The Air Force investigated, and although one investigating officer reported “very strong evidence that Capt. Hensala made the homosexual statement hoping to trigger separation and avoid his active duty commitment,” the service granted Hensala an honorable discharge under President Clinton’s “don’t ask, don’t tell” policy.

As it has done with about 100 others in the medical scholarship program, it then billed him for reimbursement for tuition, books, board and equipment and supply costs.

So Hensala sued. “An employer who fires someone just because they are gay . . . ,” he said, “I don’t think it’s the right of the employer to say, `You owe us this money.'”

He would prefer, perhaps, “All is forgiven”?

The fact is that Hensala committed himself to his deal with the Air Force when it was stated military policy that homosexuals could not serve.

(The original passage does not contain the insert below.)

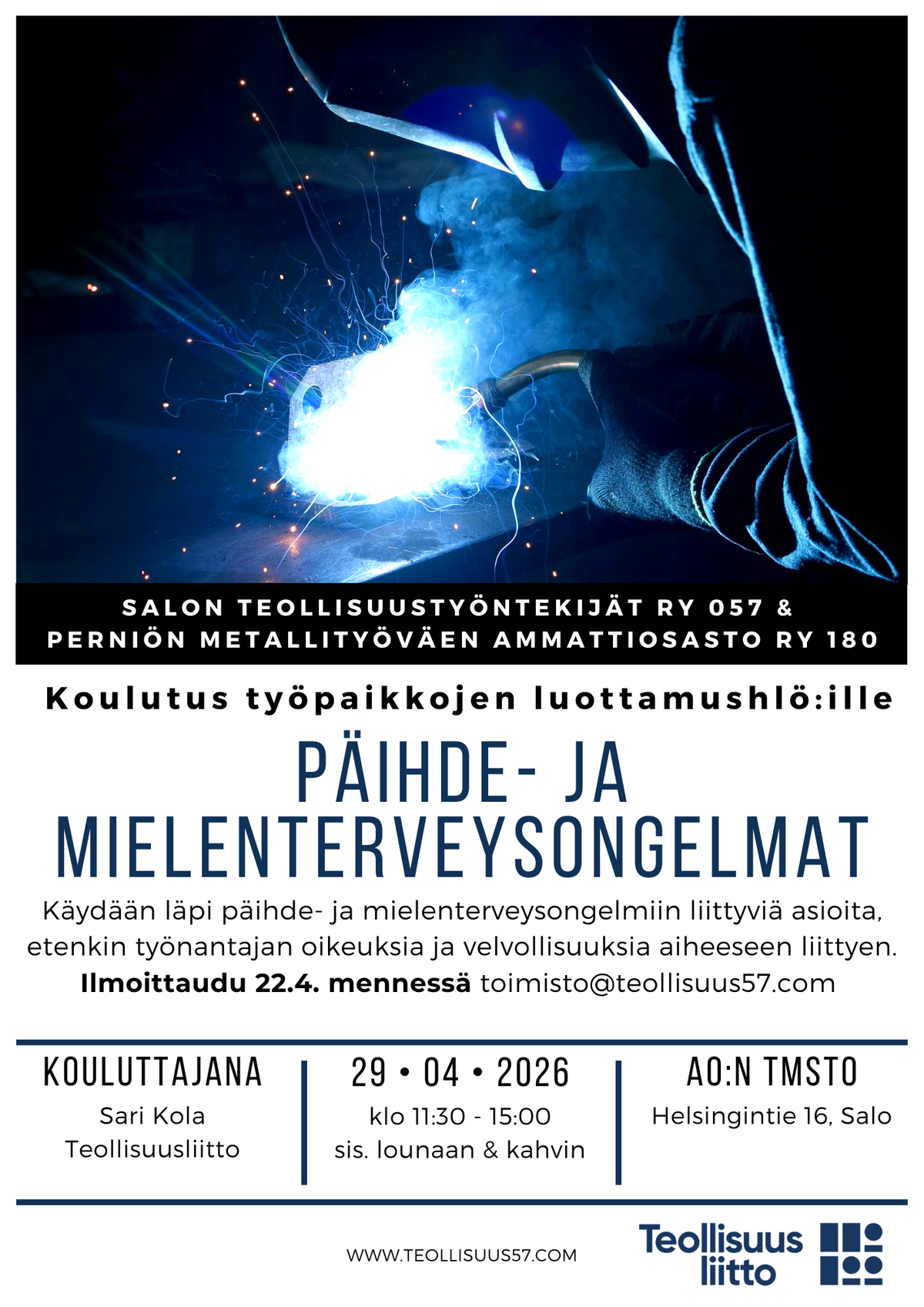 Ilmoittaudu viimeistään 22.4. toimisto@teollisuus57.com / whatsapp.

He says now that he didn’t know at the time that he was gay. But he apparently told some members of his family about his homosexuality as long ago as 1988. He didn’t bother to tell the Air Force, however, until his education was complete and he was told he would have to report for his four-year active duty tour.

This would not be a problem if the armed forces would simply drop the bar to service by open homosexuals. But that is another issue for another day.

Dr. Hensala’s case seems simple enough: A deal is a deal and he ought to drop his lawsuit and pay his debt.